Hello readers, in this article we’ll learn How To Create a Fullscreen Video Background using HTML and CSS. previously I have shared a Responsive Login & Signup Form using HTML | CSS | Bootstrap 4. and now it’s time to create a Fullscreen Video Background using HTML and CSS.
The fullscreen background has become very popular in web design lately. Fullscreen images used as backgrounds have an amazing visual impact, but did you know that you can use a video background in exactly the same way?
As you already know To add a YouTube video background to any website block, select “Video Background” in “Block Parameter” and paste the YouTube URL. Mobirise bootstrap builder automatically adds all necessary HTML, jQuery, CSS code, sets loop, removes ads, and nav controls to make the background look fantastic.
Video is probably the number one way to draw attention. A good video background can easily make people stop and take notice, increasing the time they spend on the site. This extended time on the site could potentially lead to more interaction with other content on the page.
Pulling off the video background effect is pretty simple. In fact, it can be done using only CSS only. CSS background and background-image properties only accept colors, gradients, bitmaps, and SVG as values. So what about the video?
I will create a simple HTML5 video element with loop, autoplay, and muted attributes and place it inside a container element. The image used in a poster attribute will be replaced by the first frame of the video when it loads. Therefore it’s good practice to use the first frame of a video for a poster image.
I bet you’ve seen it. A video background that takes up the entire browser window. There is text on top of it (hence, “background”), which is an interesting effect that you don’t see every day. The biggest reason you don’t, probably, is that you can’t set a movie file as the background-image in CSS. You’ll have to do some layout trickery to get it done.
Certainly, a full-page background video can be just a bit much. I’d argue it can be done tastefully. I’m not particularly interested in a design philosophy debate here (perhaps another time), but instead the how-to of getting it done if you need to, as well as some different patterns it might take the form of.
There are a lot of attributes there! The poster attribute gives the video an image to show while the video is loading or in case the video doesn’t load at all. You might also want to use a background in CSS. The autoplay attribute is there because we are wanting the video to automatically play.
Remember we’re being tasteful here, so this is OK. There is no controls attribute, so there is no way for the user to start/stop the video. The plays inline attribute is so this works on iOS. The muted attribute is just in good taste (the video shouldn’t have audio anyway, but also, is requires on iOS to get the autoplay working. Then loop makes it, well, loop.
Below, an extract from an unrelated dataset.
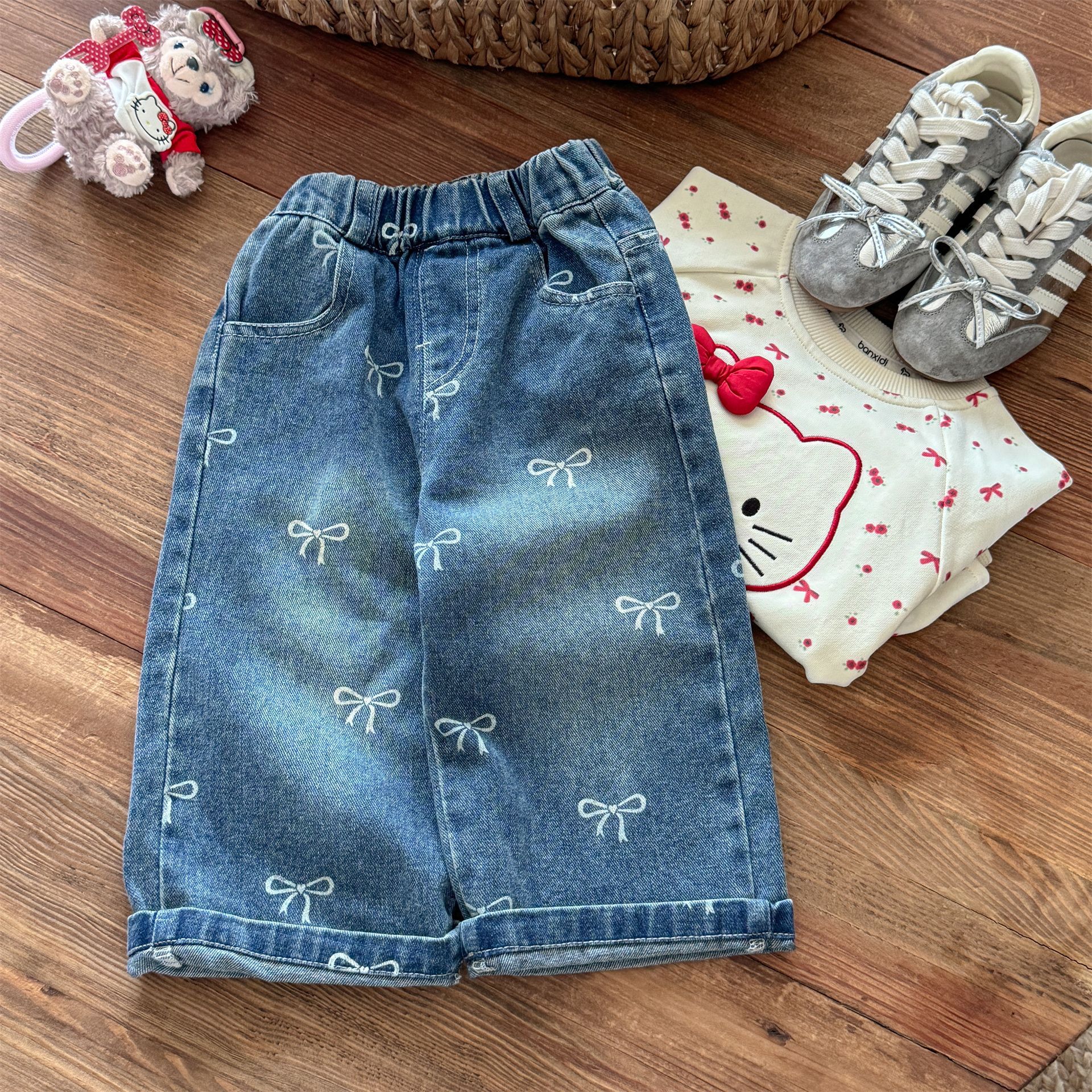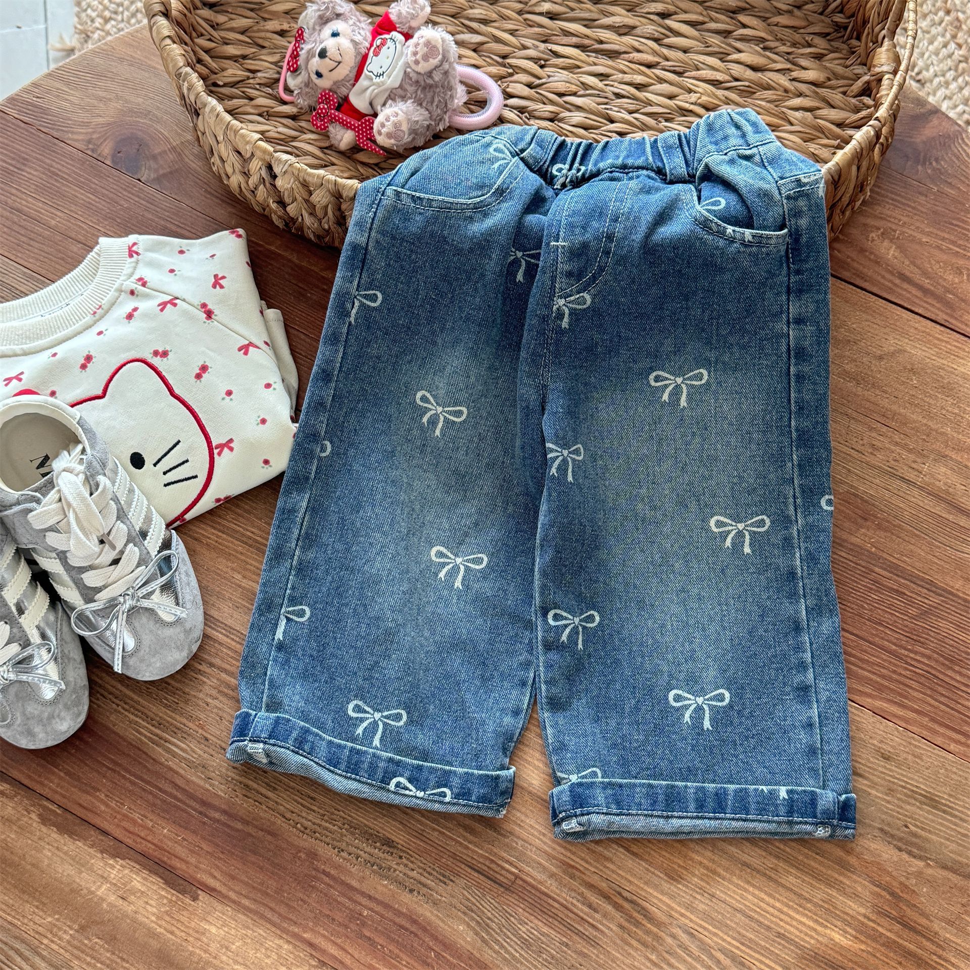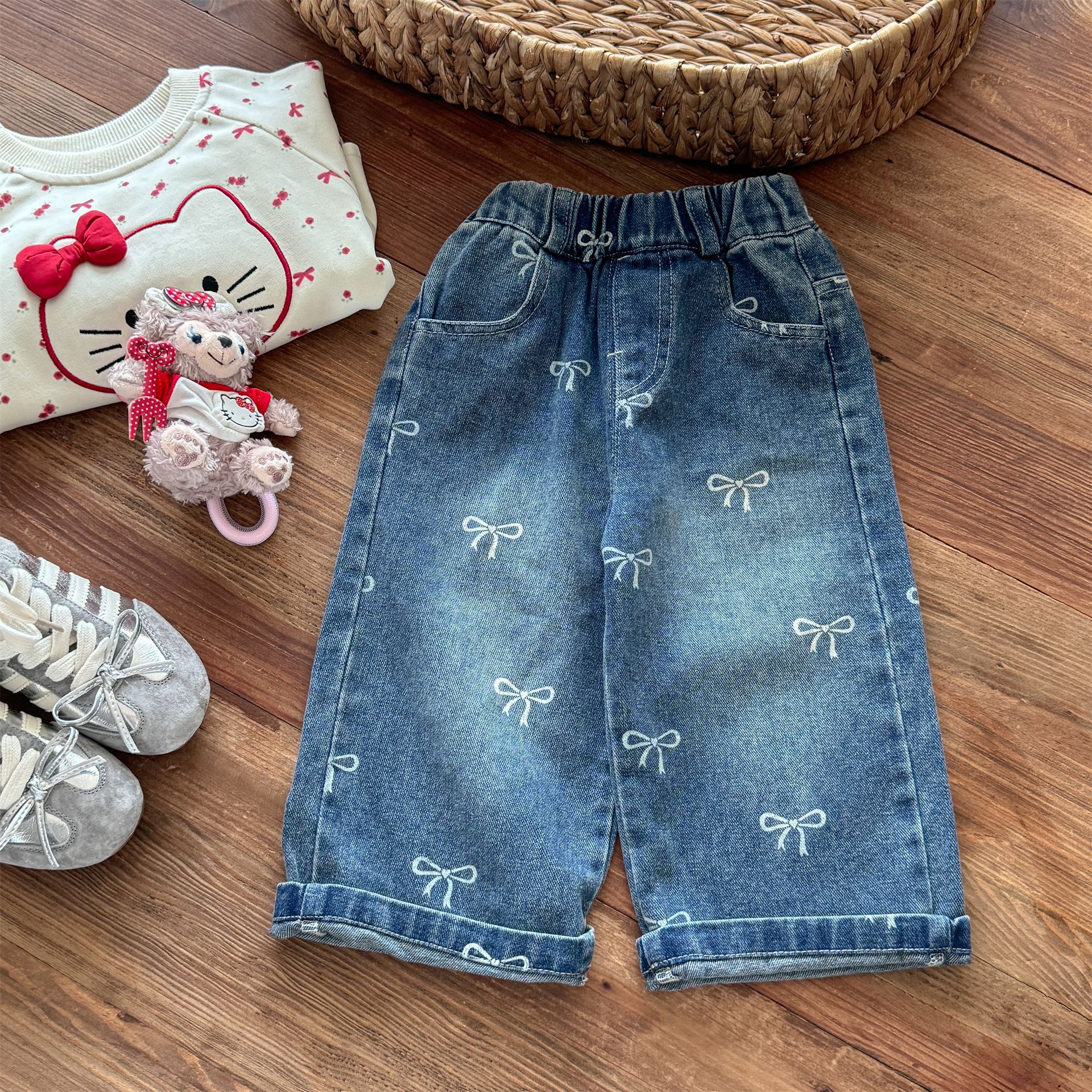 달콤한 스타일 여아 바지 가을 의류 여아용 청바지 가을 신상 아동 와이드 팬츠 봄 가을 아동복 세련된 디자인스토어 가기

We could also position other things that we like anywhere on the page. It’s not particularly en vogue, but we could even drop an area of text that scrolls independently, such that the “full page” effect remains intact. Now our video element has the width and height of the viewport (our browser window). This is a problem because in most cases our video element aspect ratio will be different than our video source aspect ratio.
One more thing we should do is hide the video on mobile and just show the background image. This is because most mobile platforms won’t autoplay HTML5 video and will display it with an embedded play button on top of our content. In this example, we will use the same image that is used for the poster attribute in the video. Keep in mind that using display: none on the video element won’t prevent it from downloading.